Building a BQML Linear Model with Looker Using Public Data
Author: Christelle Xu
In my last article I introduced you to BQML and its implementation and integration with Looker. My goal this time is to walk you through a specific example to help solidify those concepts with a tangible use case.
I’ll be basing my walkthrough on Google’s tutorial “Using BigQuery ML to Predict Birth Weight” which you can find here. Much of the BQML syntax will stay the same given that integrating this model in Looker simply involves building a Looker wrapper around BQML code. I’ll be building dimensions from the results to illustrate the visualisation capabilities available once BQML is integrated in Looker. Much of the technical justifications of the integration I covered in my previous blog so please do use it as a reference whilst implementing the model below.
By the end of this tutorial you’ll be able to build a dashboard like this to help facilitate the evaluation of your model:
Key evaluation metrics all in one place
We’ll be using the well known natality data set to create a model that predicts a baby’s birth weight. The data is publicly available through BigQuery so please follow along.
If you haven’t read part one of this series, I urge you to at least have it open. You can find it here. I introduce you to how BQML integrates with Looker and walk you through the logic behind the syntax.
I also assume you have basic Looker LookML experience and BigQuery knowledge.
Accessing The Data
When running a BQML model, you need to make sure that both your data and your model are sitting in the same location. In this case, however, Looker will be writing the model in its scratch schema, the process by which you’ll define when creating the necessary persistent derived table (PDT).

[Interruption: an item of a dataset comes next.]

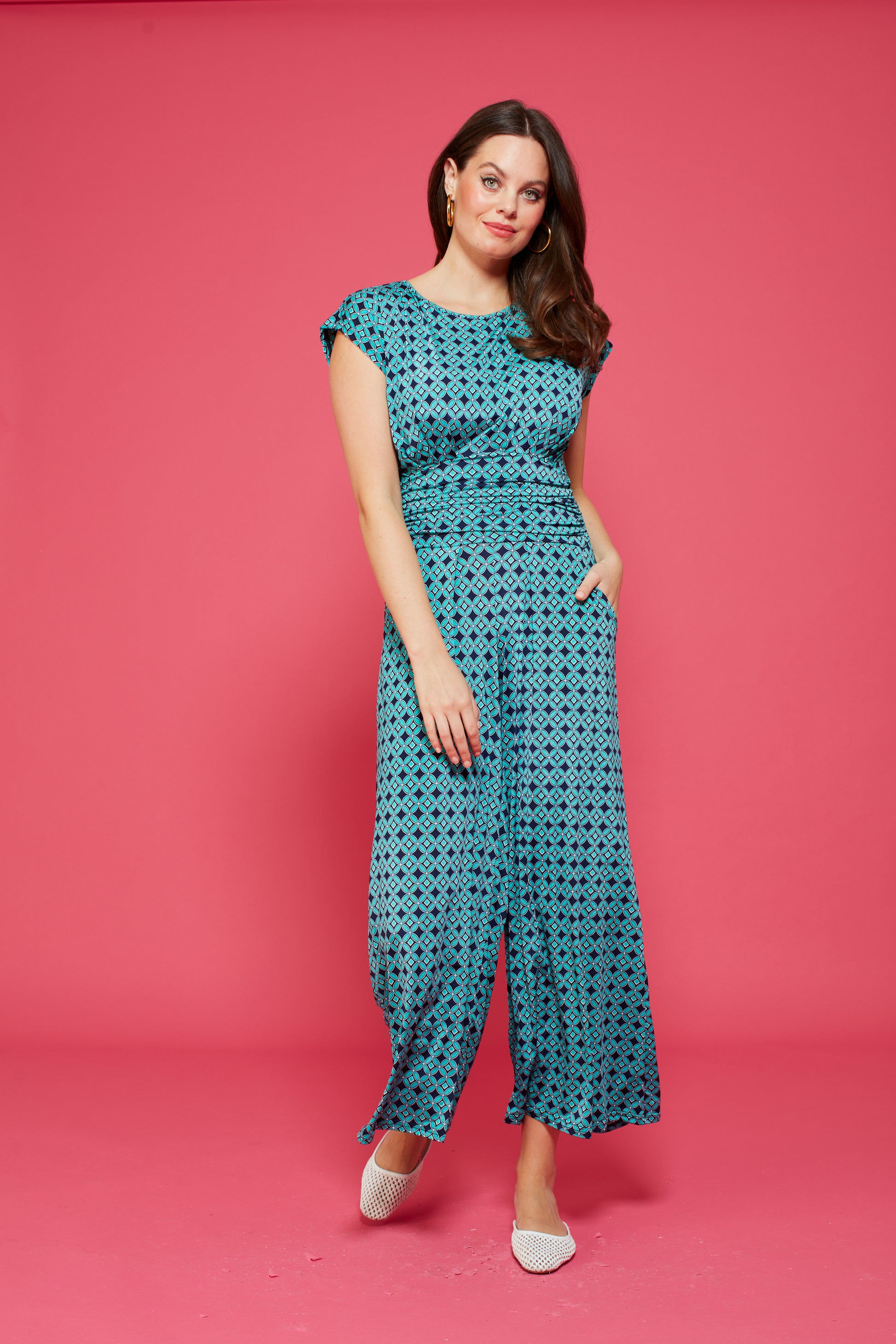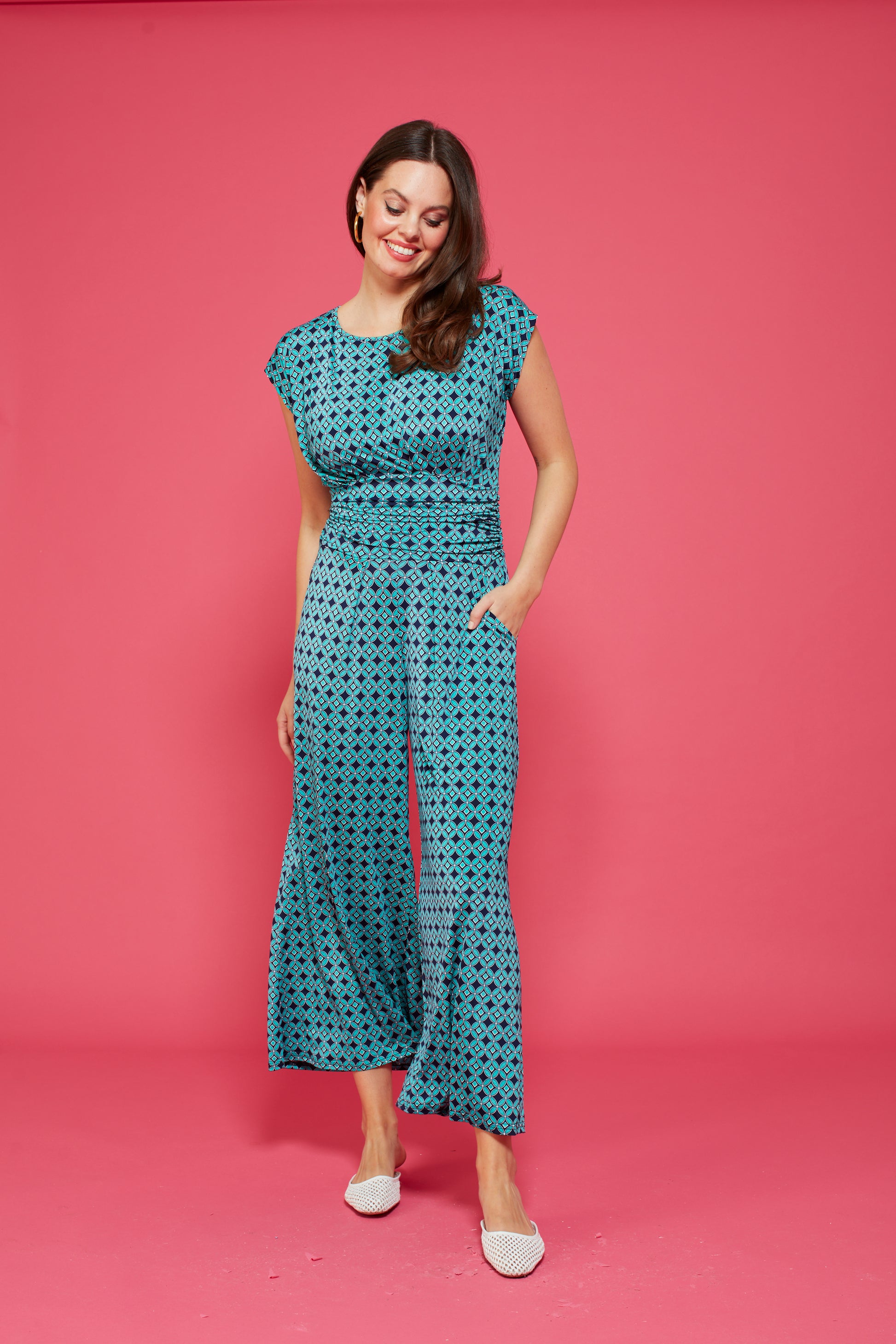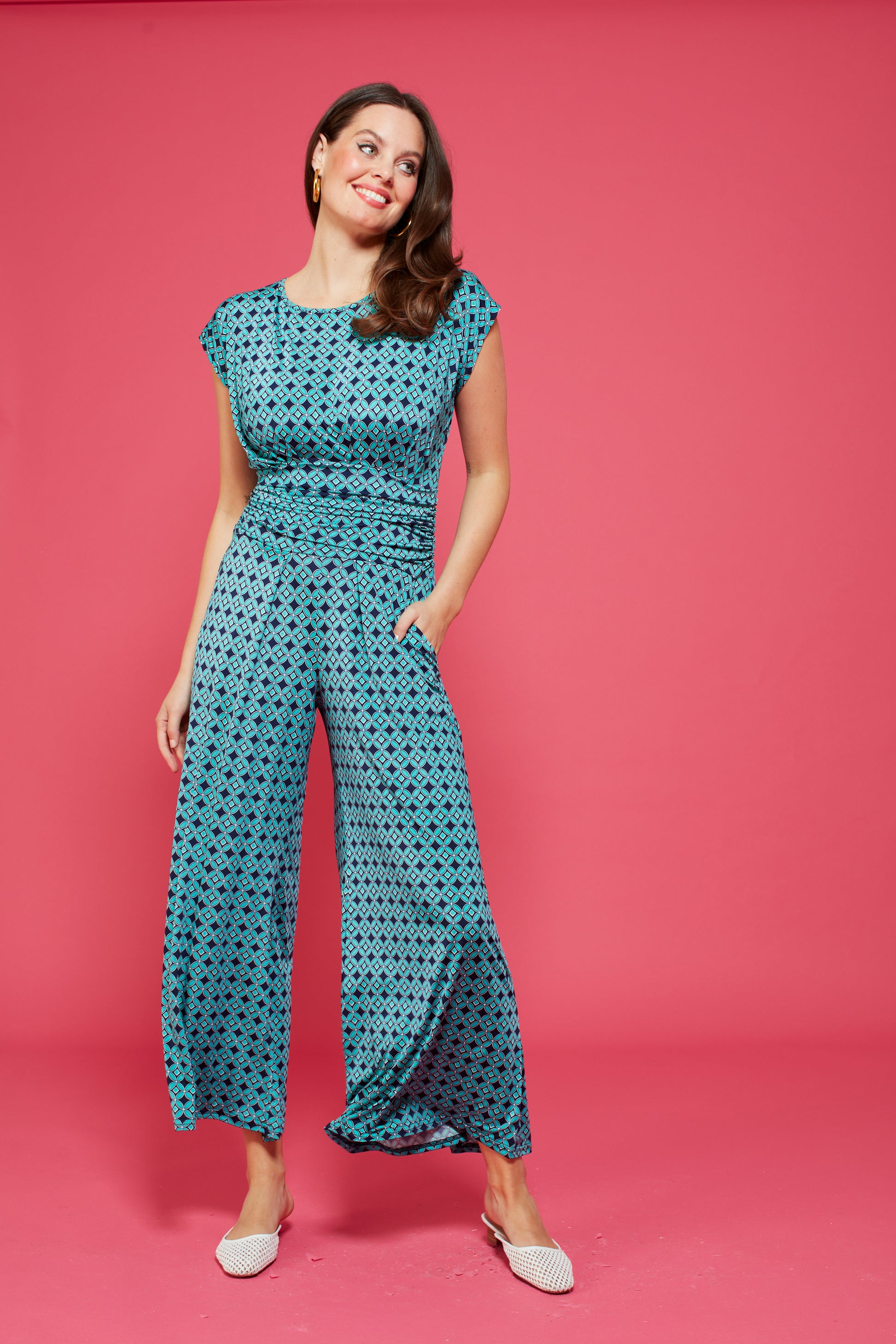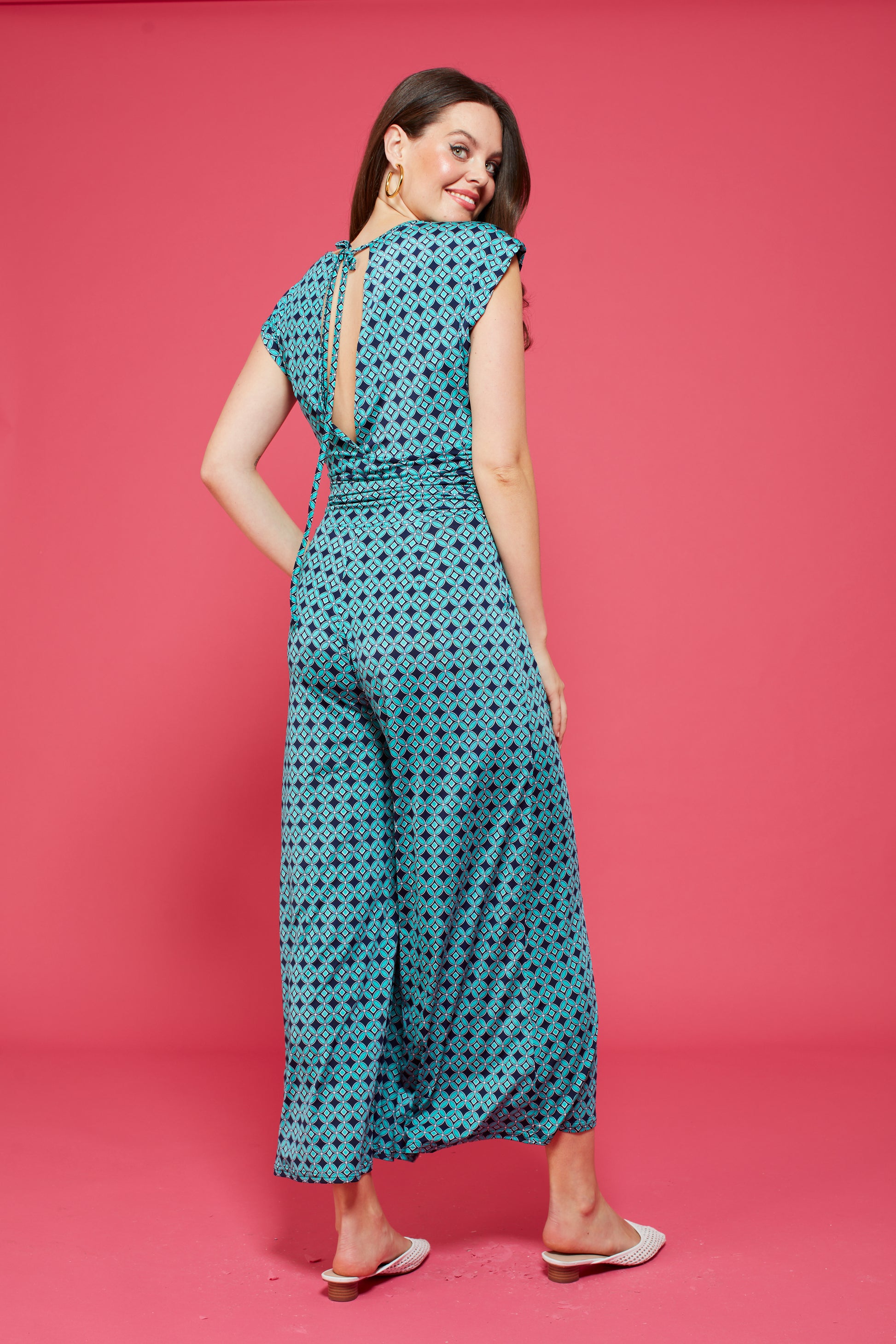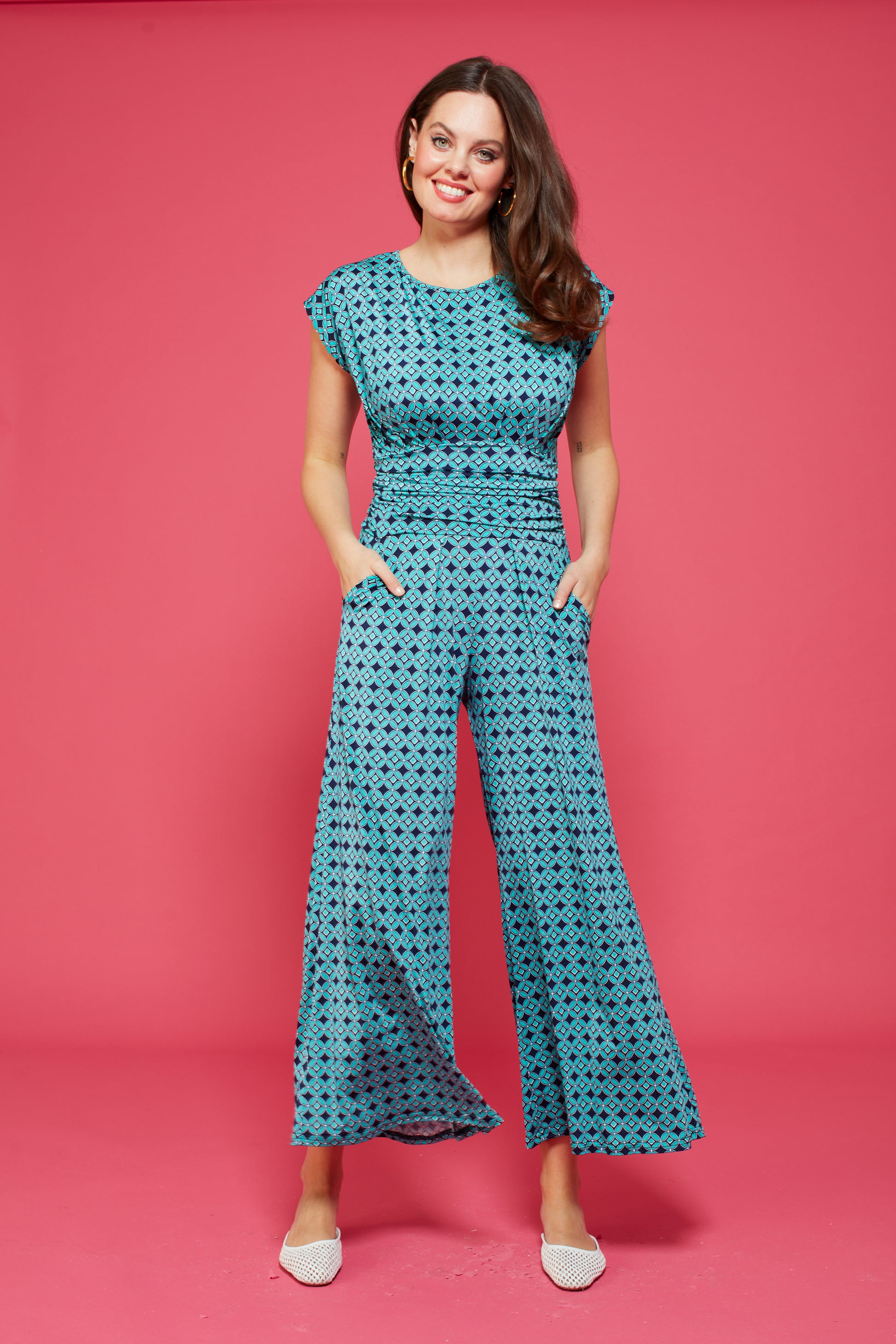 Introducing our new must-have summer piece: the Tasha Jumpsuit in Riad Turquoise! Effortlessly chic with a high neckline, cap sleeves, wide trousers, and pockets. The open back and stretchy fabric provide comfort and style all in one. Limited stock, get yours now!
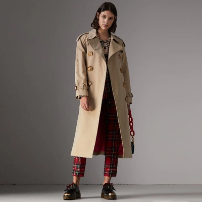 Bird Button Cotton Gabardine Trench Coat In Honey

Given that the natality data set is sitting in the US, you’ll need to make sure that the connection you create in Looker also in the US. That may mean creating a new connection where your host connection is US based.
By default, you’ll have access to public data sets via your service account in BigQuery. You should also, therefore, have access to these data sets in Looker. But you’ll want to make sure that that connection hasn’t been manually turned off or removed.
Once the connection is in place, you can start pulling through the fields that will be used in your model. Best practice is to create an autogenerated file by creating a view from table, selecting ‘natality’ under publicdata:samples. Nest this autogenerated view under the ‘ag’ folder, and rename the view as ag_natalityfor clarity.
This will pull through all fields in your underlying table as dimensions where Looker will infer the underlying data type. Don’t make changes to this file.
Autogenerated files go under the ‘ag’ folder.
An autogenerated view.
Any changes we’ll make in the extended file, which includes the autogenerated file, will overwrite it with changes specified in the extended file. This is important if your underlying schema changes often — you can always regenerate the underlying autogenerated view while keeping your business logic in the extended view.
This brings us to our next step — extending the autogenerated view into an extended view to make the business logic changes. Namely you’ll notice that in the BQML Google tutorial that they cast mother_race() as a string. This is because mother_race() is a categorical variable but is saved as a numeric type. All this requires in Looker is a simple cast.